The United States-based headquarters of the Millennium Challenge Corporation (MCC) has expressed concern over the MCC Compact ratification after Nepal government prorogued the parliament on Friday without making any headway on the matter.

“For more than 70 years, the United States and Nepal have forged a partnership based on shared values, democratic ideals, and trust. From disaster assistance after the 2015 earthquake to our ongoing whole-of-government response to the coronavirus pandemic – including the donation of 1.6 million COVID19 vaccines to date – the United States has been there for the people of Nepal in their greatest times of need,” MCC headquarters said in a statement released late Saturday.

“The $500 million grant from the Millennium Challenge Corporation (MCC) is a continuation of the strong partnership between the United States and Nepal to reduce poverty through economic growth.”

MCC’s senior delegation visit to Nepal in September, which provided clarifications on the MCC-Nepal Compact, combined with recent commitments from the Government of Nepal confirming their ongoing support for the compact have laid a clear path forward for the compact.

“Friday’s recess of Nepal’s Parliament without ratification further delays benefits to millions of Nepali households. However, coalition leaders have expressed that they understand the steps they need to take to ratify the compact, which is required under Nepal’s laws,” the statement read.

“The delays to ratification jeopardize the critical and timely support this $500 million grant would provide to help more than 23 million Nepalis access reliable energy and safer roads. The decision whether to move forward with the compact now rests with Nepal.”

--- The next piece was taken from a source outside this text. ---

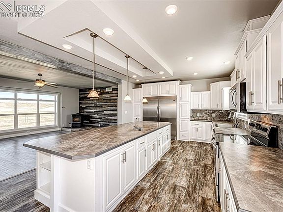 This adorable home is clean, well-updated, and move in ready! It has ample room for your family on the main level with the opportunity to expand your square footage on the unfinished second level. You'll notice the open floor plan and finishes have been carefully selected, with a kitchen that will have your guests in awe! The 1440 square foot building can be used as a shop (as it has concrete floors), hay storage, or convert to livestock use. The 40 square, fenced, and very usable acres also has a solar well located east of the home to water your livestock out in the pasture. This location cannot be beat! Located just minutes from the accredited Elbert School, minutes from shopping and activities in Elizabeth, and paved access to either. so schedule your appointment asap!

The Millennium Challenge Account (MCA) – Nepal, the implementing agency of MCC, in December 2019 had appealed the Parliament for the timely ratification of the project as it was set to kick off on June 30, 2020. However, MCC has been a contentious issue of national interest.

The parliamentary ratification of MCC has already been sidelined on multiple accounts as political parties are divided over whether the federal parliament should ratify the Compact.

The US$ 630 million, including $500 million from MCC and $130 million from Nepal government – program aims at developing large transmission lines, including the Butwal-Gorakhpur cross-border transmission facility, and rehabilitate strategic roads.